Some people think that each part of the body has faculties that choose and guide the particles of nutrient to where they are appropriate.
- This is an incomprehensible and chimerical claim as it attributes more intelligence to the body than even what our soul has,
- Our soul does not know in any way what they would need to know.
The size and shape of these pores ensures that the blood particles which have a certain size and shape enter some places in the body rather than others.
Sieves with holes can separate round grains from long ones, the finest from the largest.
Likewise, the blood, pushed by the heart through the arteries, finds many pores in them through which some of its constituent particles can pass, but not others.
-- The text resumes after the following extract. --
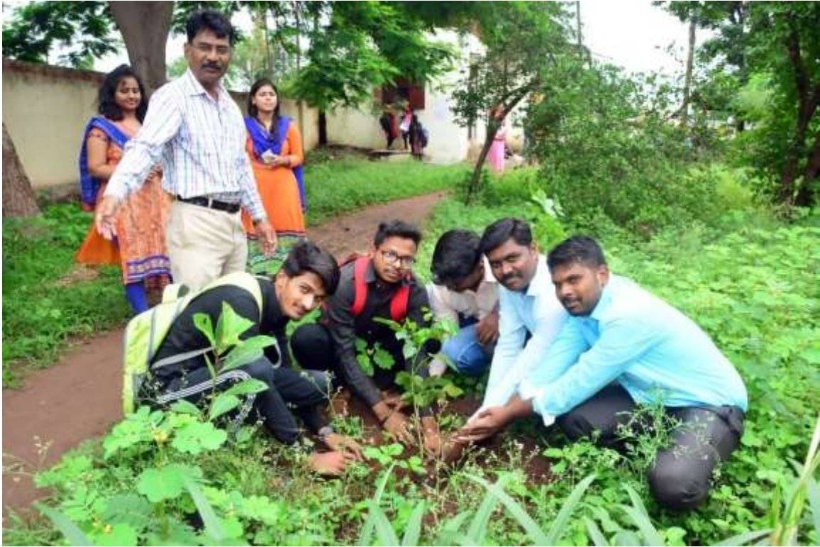
TREE PLANTATION IN THE COLLEGE CAMPUS

But their position in relation to the route of the blood through the arteries is also required to make sure that among those of its parts that have the same shape and bulk, but not the same solidity, the more solid go to particular places, rather than to others.
The production of animal spirits depends above all on their location.
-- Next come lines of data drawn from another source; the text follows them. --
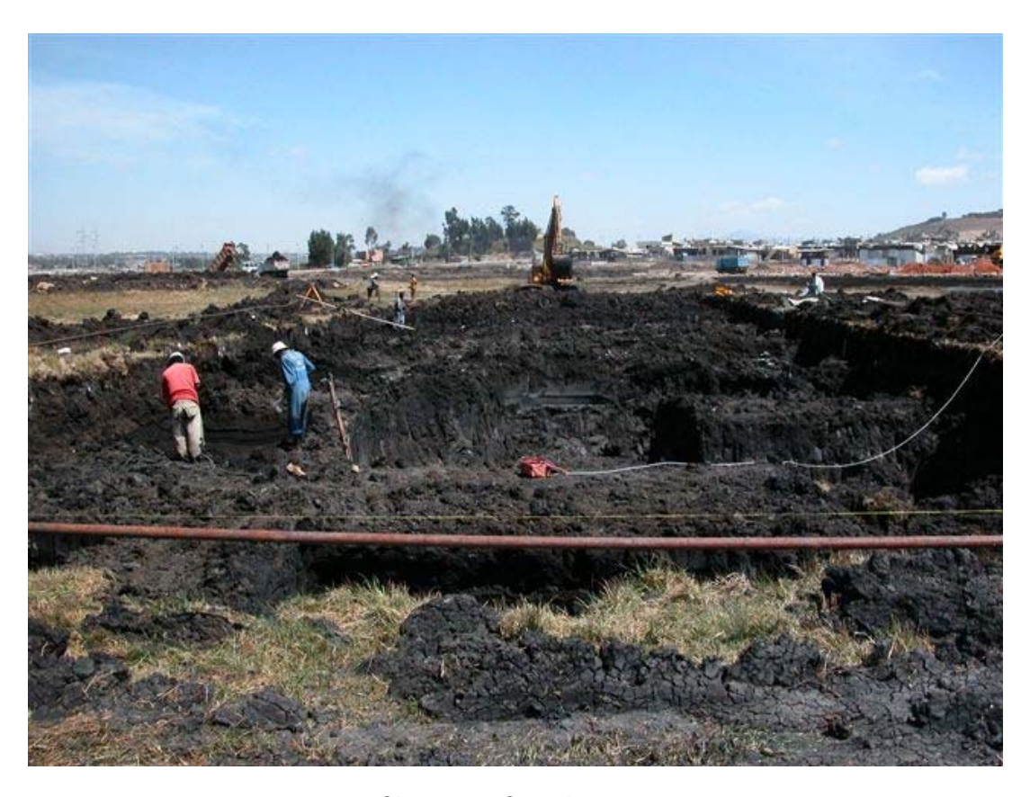
Classroom Complex 2

Excavation to the second classroom building had begun and will be finished in a couple of days after this picture was taken.
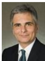
Werner Faymann (SPO) Federal Chancellor
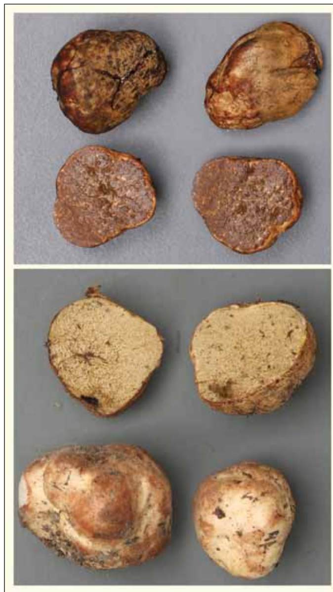
Figure 2. Voucher pictures of Alpova sp., above, and Rhizopogon evadens , below. Again note the obvious global difference between the two genera. These shots taken some hours after collection show that Alpova darkens with time more than Rhizopogon .

Elaphomyces (Figure 3, page 14) is a mycorrhizal partner of conifers, and our only true truffle, although not the prized edible. Its outer shell, the peridium, is hard and thick; inside is a white spore mass that

All the blood that comes from the heart in the aorta is pushed in a straight line towards the brain.
But it cannot all go there because the branches of the aorta which extend this far, namely those called the ‘carotid’, are very narrow compared to the opening of the heart where they come from.
- Only those of its parts which, being solid, are also the most active, and those most agitated by the heat of the heart, go there.
Because of this, they have a greater force than the others to follow their course to the brain.
At the entry to the brain, in the small branches of these carotids, and also particularly in the gland that physicians have supposed only serves to receive the phlegm, those particles that are small enough to pass through the pores of this gland are filtered through, and these make up the animal spirits.
Those that are a little larger attach themselves to the roots of the filaments that make up the brain, but as for those that are largest of all, they pass from the arteries into the veins to which they are joined and, retaining the form of blood, return to the heart.